When we think about São Paulo, the first thing that comes to mind is its size: São Paulo has an area of more than 1.500km² and is almost 9 times bigger than Washington DC. The city’s population is around 12 million people. The agglomeration of São Paulo, or Greater São Paulo, is 20 million people which makes the city the most populous one in Brazil, and the 11th most populous on Earth.
And, of course, all of these people want to move around the city! In São Paulo, we have a fleet of 6 million private cars, which means 1 car per 2 inhabitants, and a total fleet of 8 million vehicles, including the biggest bus system in the world with almost 15,000 buses.
However, space is limited: we have 17,000 kilometers of streets in São Paulo. A good mobility depends on a good distribution of space between different modes of transport.
According to the 2007 São Paulo Metro Origin / Destination survey, one third of trips in São Paulo are made by public transport, one third are made by walking, and one third of trips are made with private cars. And yet, almost 70% of the available street space is dedicated to private cars.
Like all American cities, most of those who designed and built our streets during the last century were traffic engineers. The majority of them watched the city behind the wheel and saw the street as a problem to solve in order to facilitate the fluidity of car traffic. The result of this thought materialized in the formation of traffic jams, hostile streets to pedestrians and bikes: streets that are dreary and not sustainable at all.
However, the global mindset has changed. Today, humans are at the heart of all concerns related to urban design and mobility to make cities more welcoming, pleasant and, above all, safer to all road users.

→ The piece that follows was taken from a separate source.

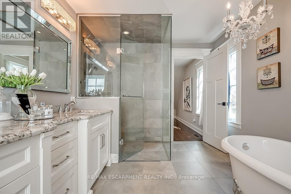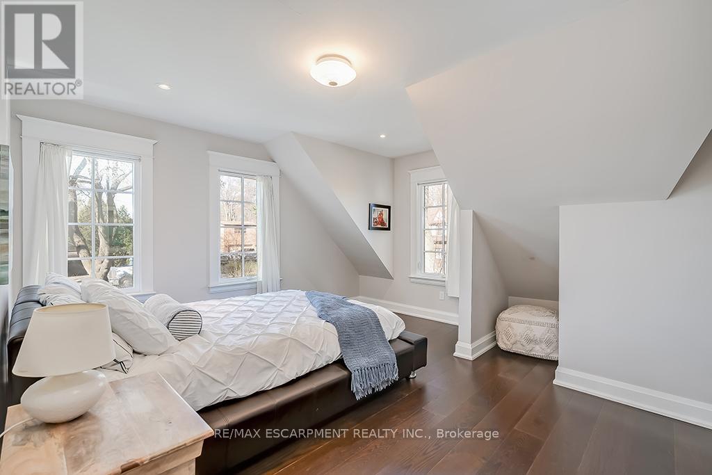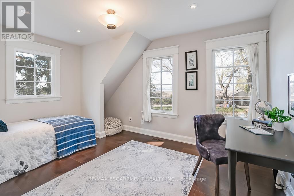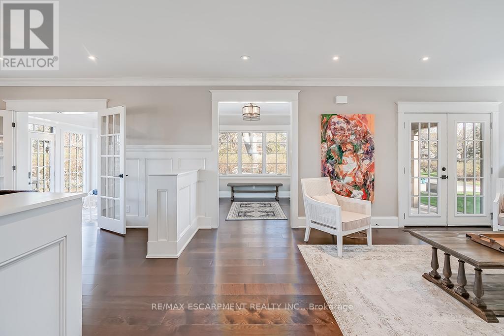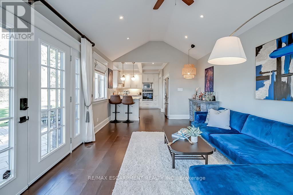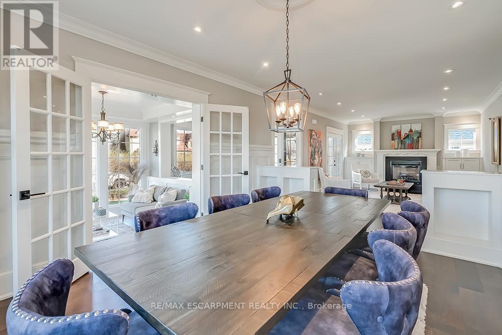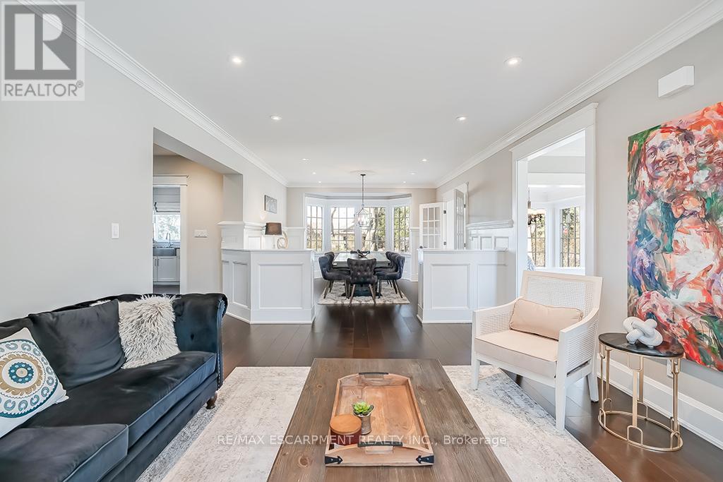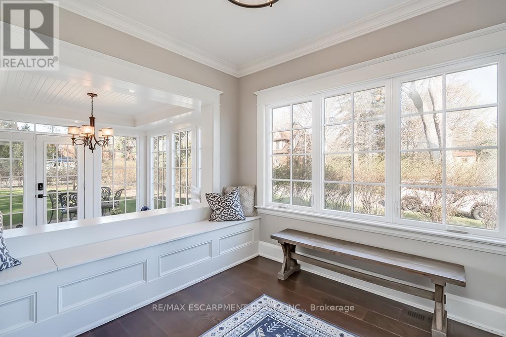 Beautifully upgraded character home in Aldershot's exclusive "Indian Point"! Just steps to downtown, the bay/lake, restaurants, shops,parks, highway access and the Burlington Golf & Country Club! Stunning custom kitchen with granite, coffered ceiling, stainless steelappliances, gas cooktop and a subway tile backsplash. Spacious family room with vaulted ceiling and a walkout to a large patiooverlooking a tranquil outdoor setting. Living room with gas fireplace and large separate dining room with bay window and wainscotingopens to a charming sunroom with tray ceiling and walkout. The upper level features three bedrooms including two with stunning viewsof Burlington Bay and a primary bedroom with spa-inspired 5-piece ensuite and a separate dressing room! Hardwood floors, crownmoulding, pot lighting and loads of natural light throughout! Main level laundry/mudroom with inside entry from a double garage with EVcharger and two driveways with combined parking for at least 8 cars. 3+1 bedrooms and 2.5 bathrooms. (id:64974)

Brazil has an average of 23 deaths per 100 thousand inhabitants due to road accidents. The state of São Paulo has 18 deaths. The City of São Paulo used to have 12 deaths per 100 thousand inhabitants back in 2011. Due to constant efforts, the city has reached a very good position in the region. São Paulo City Hall understands the importance of having a safe mobility system, and we are entirely committed to the road safety cause.
Back in São Paulo with my team, we created a Special Road Safety Committee which meets every 15 days with the most important road safety players and authorities. Together, we create and implement safe transportation policies.
The program M’Boi Segura (Safe M’Boi) was born from this Committee. Estrada do M’Boi Mirim used to be the most dangerous road in São Paulo, with 22 deaths in 2016. In July 2017, we decided to establish a program to reduce the number and the severity of accidents. Some of our actions included reinforcing supervision, using cameras to monitor the path, improving road signs, and carrying out a heavy awareness-raising campaign. This program was a great success and we ended 2017 with a considerably lower number of accidents, that is two fatal accidents since the program’s implementation in July 2017. Of course, two is too much and we are still not satisfied. As long as we have people dying on our streets, we won’t stop pursuing a more harmonious and human transportation system.
Public administration is complicated and not very agile, but it is always necessary to think outside the box, seek new ways to achieve goals and focus on teamwork. Designing the city of the future requires a lot of effort and labor in the present time. However, the public sector must never lose sight of the human factor and must make the whole transportation system safer for all citizens, especially those who are most vulnerable.
Sérgio Avelleda, Secretary of Mobility & Transportation, City of São Paulo, Brazil
Sérgio Avelleda has been the Secretary for the Department for Mobility and Transportation, City of São Paulo since January 2017. From 2002 to 2008, Mr. Avelleda acted as Legal Affairs Manager and Corporate Affairs Director of Metrô, Companhia do Metropolitano de São Paulo – the São Paulo metropolitan area subway company, which is linked to the São Paulo State Department for Metropolitan Transportation. Mr. Avelleda was also the Chairman of the Latin-American Association of Subways and Underground Railways – ALAMYS from 2011 to 2012.